En résumé, si deux produits ont le même rendement, il est plus optimal d’opter pour celui avec un ratio de Sharp supérieur, car cela veut dire que la volatilité de ce produit est plus petite.
Tolérance au risque
Il est facile de penser que si deux produits ont le même ratio de Sharpe, celui qui offre le meilleur rendement est supérieur à l’autre. Cependant, il faut faire attention car le concept de la tolérance au risque va entrer en jeu. Deux produits ayant le même ratio de Sharpe vont produire la même performance par unité de risque du placement. Les deux sont donc également efficaces. Cependant, le degré de risque qu’une personne est prête à prendre va dépendre de sa situation personnelle.
Période analysée
Le ratio de Sharpe peut être calculé autant par rapport à l’historique d’un produit, que pour une période future aussi. Cependant, le ratio de Sharpe pour une période future sera basé sur des estimations du rendement espéré du produit, des rendements sans risque sur les marchés financiers et de l’écart-type. Une petite modification face aux prévisions établies viendra rapidement changer le ratio de Sharpe. Comme dans toutes les formules du monde des mathématiques, la formule est aussi bonne que les variables qui entrent dans sa composition.

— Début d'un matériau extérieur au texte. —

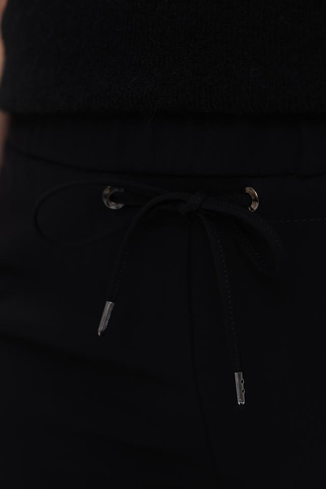 Брюки выполнены из высококачественного полиэстера, что обеспечивает комфорт в носке и простоту ухода. Эластичный пояс с кулиской позволяет регулировать посадку по фигуре, а небольшие декоративные элементы в виде металлических деталей добавляют изюминку.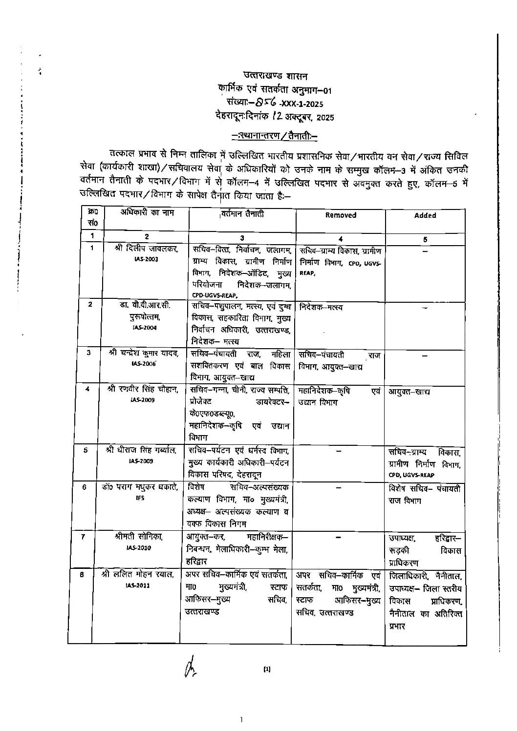 उत्तराखंड में 44 IAS और पीसीएस अधिकारियों के तबादले..देखे किसको क्या मिला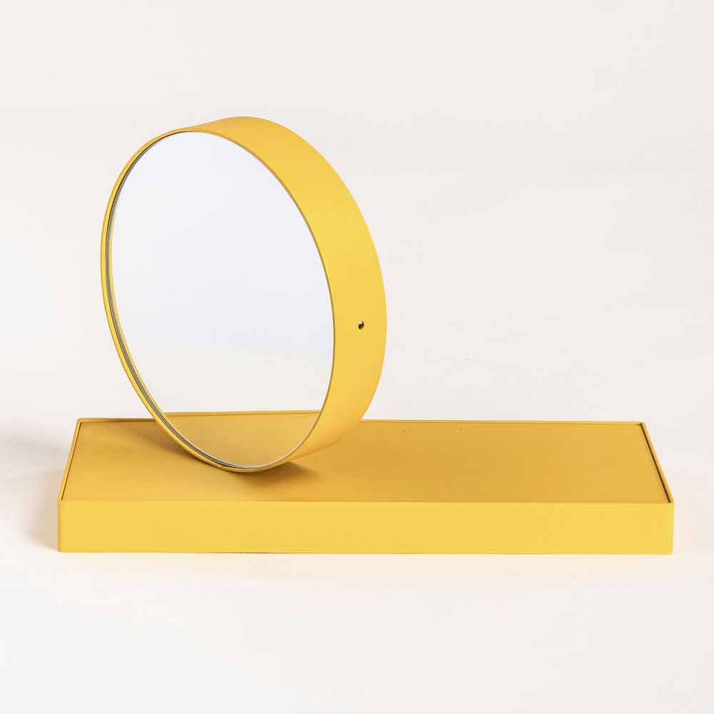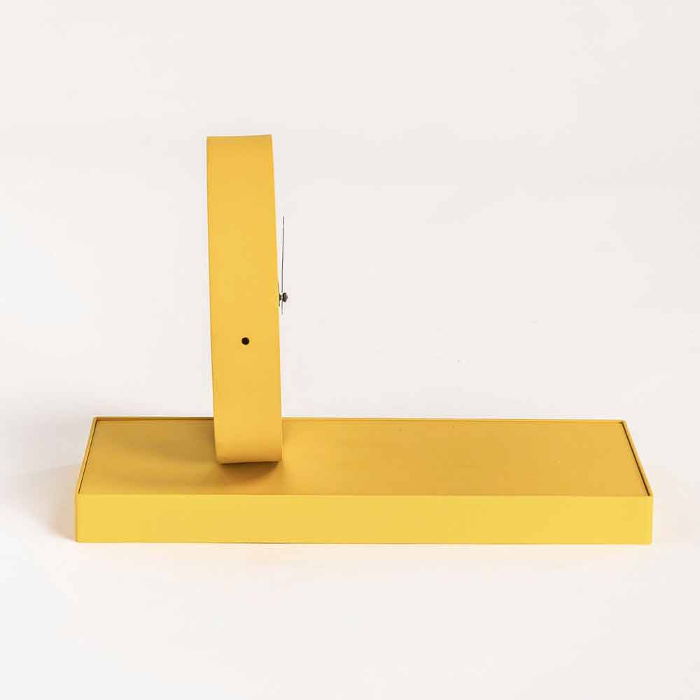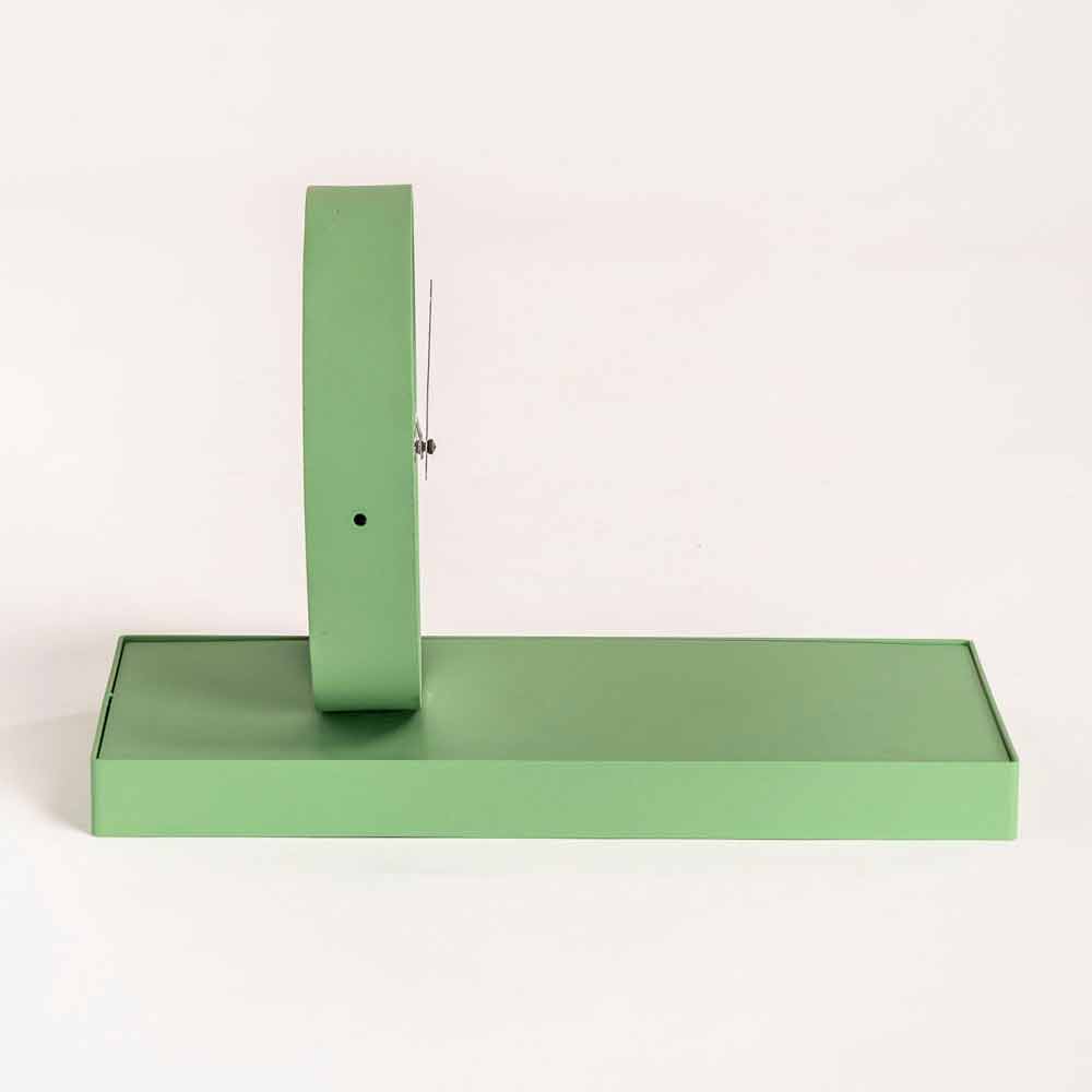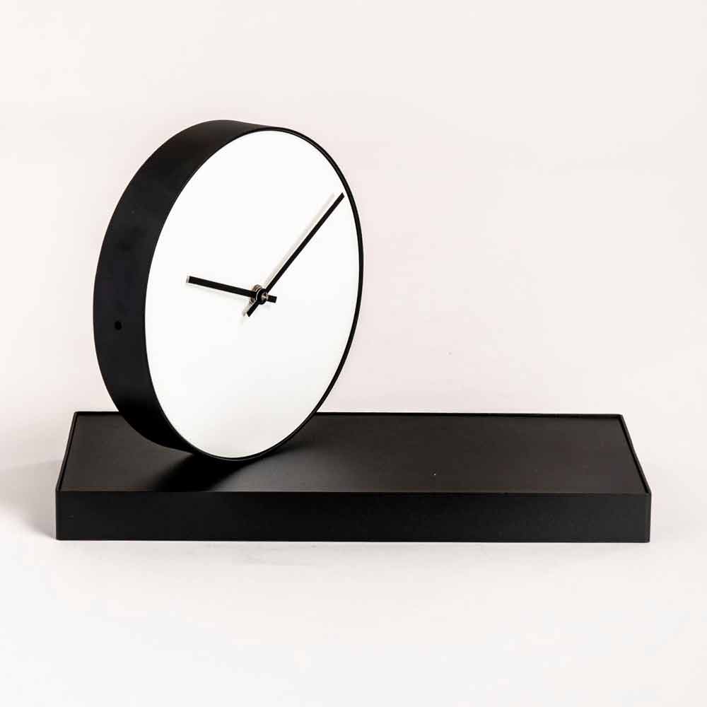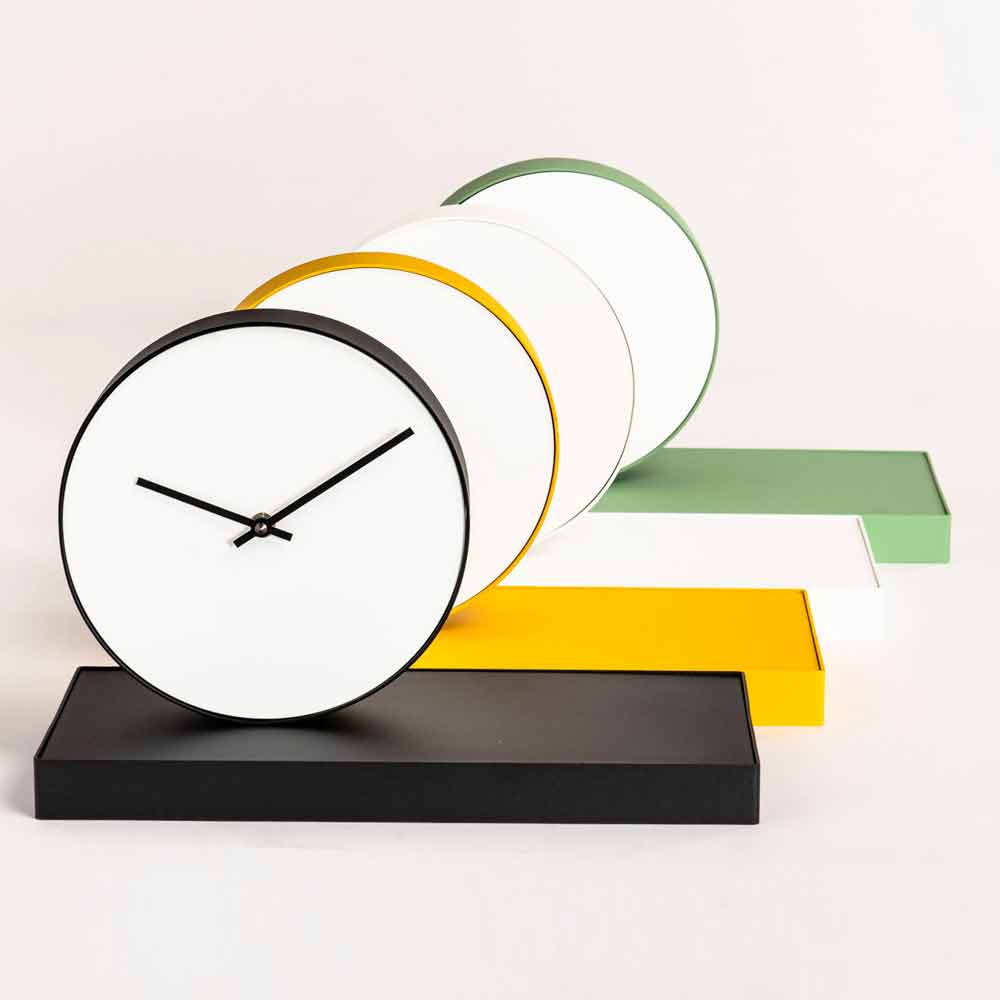 The table clock can be an ideal design object to complete the furnishing of various environments with personality and style. This product is entirely made in Italy and has a rectangular base in RAL painted steel on which the round and rotating structure of the clock is positioned which also has a practical mirror on the back. Thanks to its simple and minimal lines , this watch is perfect in the most varied environments characterized by a modern and refined style.

Limitations du ratio de Sharpe
Le ratio de Sharpe est utilisé pour évaluer la performance d’un portefeuille, mais ce ratio n’est pas parfait. Tout ce qui peut fausser l’une des trois variables dans la formule est une source d’erreur possible.
Une première limite est le fait que les rendements doivent suivre une distribution normale, c’est-à-dire qu’il y ait autant de volatilité d’un côté et de l’autre de la moyenne des rendements. L’illustration de ce concept fera l’objet d’un prochain article, mais cette limitation élimine l’utilisation du ratio de Sharpe pour des options par exemple. Il faut que les rendements soient symétriques, donc que le graphique des rendements potentiels forme une cloche.
De plus, il y a des produits financiers qui se transigent peu, donc ils sont considérés non-liquides. Le prix d’un produit est mis à jour après chaque transaction généralement, et vu qu’il n’y a pas beaucoup de transactions, le prix semble stable dans le temps. Cette stabilité va faire diminuer l’écart type car il n’y a pas beaucoup de volatilité dans le prix. Le ratio de Sharpe est donc préférable pour des produits liquides.
Une autre limitation est que toute la volatilité dans le ratio est perçue de la même manière. Pour un investisseur, seulement la volatilité qui nuit à son rendement espéré va le déranger. Si l’investisseur croît qu’un rendement de 8% est possible pour un placement, il sera très déçu d’obtenir 5%, mais il sera heureux d’obtenir 11%. Pourtant, pour le ratio de Sharpe, les deux possibilités représentent une différence de 3% avec le rendement espéré alors l’impact sera le même pour le ratio.
Il y a aussi des situations particulières où le ratio de Sharpe peut être négatif si les rendements des produits financiers sont inférieurs aux rendements sans risque. Cela peut arriver lorsque les marchés boursiers traversent une phase plus difficile. Un ratio de Sharpe négatif n’est pas évident à analyser et n’est pas aussi significatif.
Plusieurs autres alternatives ou compléments sont apparus au cours des années tel le ratio de Sortino, l’alpha de Jensen et le ratio de Treynor. Ces ratios seront illustrés dans un prochain article.